→ Data block

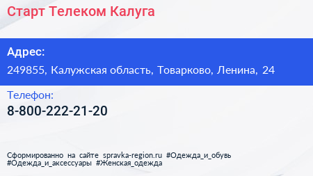 Старт Телеком Калуга по адресу 249855, Калужская область, Товарково, Ленина, 24 в дальнейшем Организация, размещена в следующих категориях:
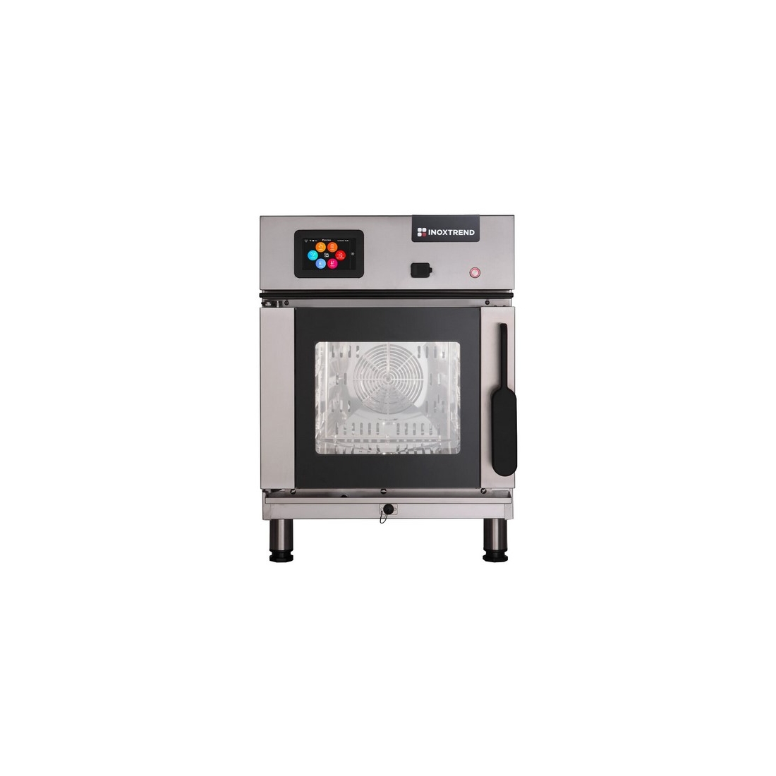 Horno Gastronomía Compacto 4 Bandejas CTDT104E Inoxtrend, es un horno mixto con pantalla digital pequeño, con solo 52cm de ancho. Gracias a su pantalla táctil podrás programar diferentes modalidades como por ejemplo, lavado automático, precalentamiento automático, función cook and hold...
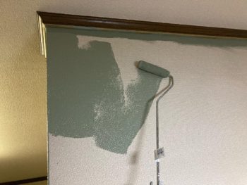これまでにマスキングテープやマスカーで養生を行い、周囲を刷毛塗装しましたので、残りをローラー塗装で一気に仕上げます。
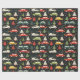 This cheerful wrapping paper features colourful cars alongside decorated Christmas trees, all set against a black background. Perfect for adding a festive touch to holiday gifts.

→ Task goal
Without changing a word, retype the data above and omit its pictures.

→ Result
 Старт Телеком Калуга по адресу 249855, Калужская область, Товарково, Ленина, 24 в дальнейшем Организация, размещена в следующих категориях:
 Horno Gastronomía Compacto 4 Bandejas CTDT104E Inoxtrend, es un horno mixto con pantalla digital pequeño, con solo 52cm de ancho. Gracias a su pantalla táctil podrás programar diferentes modalidades como por ejemplo, lavado automático, precalentamiento automático, función cook and hold...
これまでにマスキングテープやマスカーで養生を行い、周囲を刷毛塗装しましたので、残りをローラー塗装で一気に仕上げます。
 This cheerful wrapping paper features colourful cars alongside decorated Christmas trees, all set against a black background. Perfect for adding a festive touch to holiday gifts.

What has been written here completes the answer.